We conclude with the final part of Harry Gillespie’s biography of Theydon Bois

In the dark of a Soho night the lonely figure of Theydon Bois haunts the French pub. It is 1961 and Bois has just appeared on the talk show, Farnshawe Chinwags, where he is the first person to say ‘knee’ on a television screen, and thus ushering a new age of permissiveness. As many social historians agree, this is where the sixties really began to swang.

That night though Bois was depressed, as an author he had hit a dead end. His vernacular novels about London life, although selling in their tens, were leaving him frustrated. It was at the French that the actor Saffron Waldren suggested that Bois joined him in a trip down to the hottest new night spot in Soho, The Penguin.

The Penguin on Wardour Street was a dive, a former clip joint that had gone down in the world, was now filled to the brim with pilled up Mods and sweating with a constant sound track of raw R & B. Bois could not understand why Waldren would have brought him there. Until, that is that he met, a hawk like face, gimlet eyed in dark, the American author Jimmy Moles.

Moles was in England coasting on the success of his avant-garde beatnik novel Breakfast in the Buff, a shocking exposure of the underbelly of so called respectability, written using Moles’ write anything and stick it together technique. When the club closed in the early morning Bois was so inspired by Moles that over the next couple of minutes he composed and completed his next novel the avant-garde masterpiece ‘Er old Man’s got an Electric Brain Paddle.

Er old Man’s got an Electric Brain Paddle, consisted of 110 pages of varying degrees of blackness, with only the two centre pages containing any legible writing. Across the centre was the instruction:

Lob this in your gob.

Er old Man’s got an Electric Brain Paddle sent shock waves through the literary establishment, not since Seamus Shins had published Fergal’s Funeral had the English language seen such a blatant attack on meaning. The pages of the literary press were burning with furious letters of Bois’ supporters and detractors. Was this art or sheer lunacy? The modernist poet Dame Vera Sideburns herself wrote in eloquent defence of Bois:

Hang the fraudulent bastard.

Bois’ himself refused to be drawn into any discussion about his work, preferring to maintain an air studied drunkenness.

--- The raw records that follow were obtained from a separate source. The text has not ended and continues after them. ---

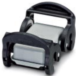
HEAVYCON protective cover, type B10, for sleeve housing without double locking latch, with retaining cord, IP54

Please be informed that the data shown in this PDF Document is generated from our Online Catalog. Please find the complete data in the user's documentation. Our General Terms of Use for Downloads are valid ( http://phoenixcontact.com/download )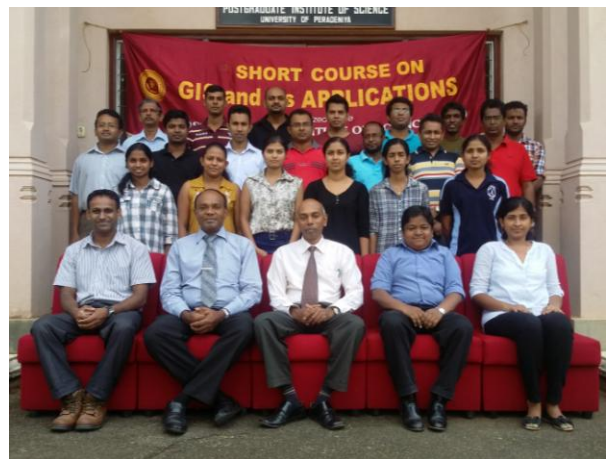
Participants of the 17 th Advanced Short Course (June 23 - 28, 2014)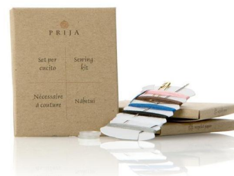
PRIJA/ SET MINICUCITO CF100 (CRT10)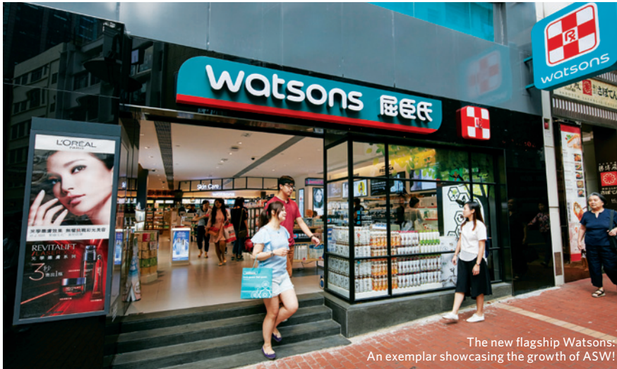
The new flagship Watsons: An exemplar showcasing the growth of ASW!

“Hong Kong has a special place in our hearts. We will continue to invest in the city.”

The sixties was a time of radical change, and Bois was not one to remain static, in 1967 he published his next great work of the sixties. Eschewing the usual media for printed material, Bois next publication was a lump of coal shaped like a book and entitled Burn this Book.

It sold even more copies than ‘Er old Man’s got an Electric Brain Paddle, although many copies were sold, in a weird self-fulfilling prophesy,  just so people could lob them through Bois’ window.

As the end of the sixties tripped into a psychedelic sunset, Bois was often approached by many bands to write lyrics for them. Disgusted by the royalties offered Bois turned most offers down with a punch to the nose. However, all that changed in early 1972 when the space-rock band Falconfart asked Bois to join them on their 1972 tour of universities and colleges. The so called Electric Brain Paddle Communion utilised Bois’ skills as a poet and closed after two performances and the suicides of three of the band members. Bois’ was so stricken with the lack of money paid upfront after that tragedy that he immediately quit writing, returning instead to selling hooky gear down the market.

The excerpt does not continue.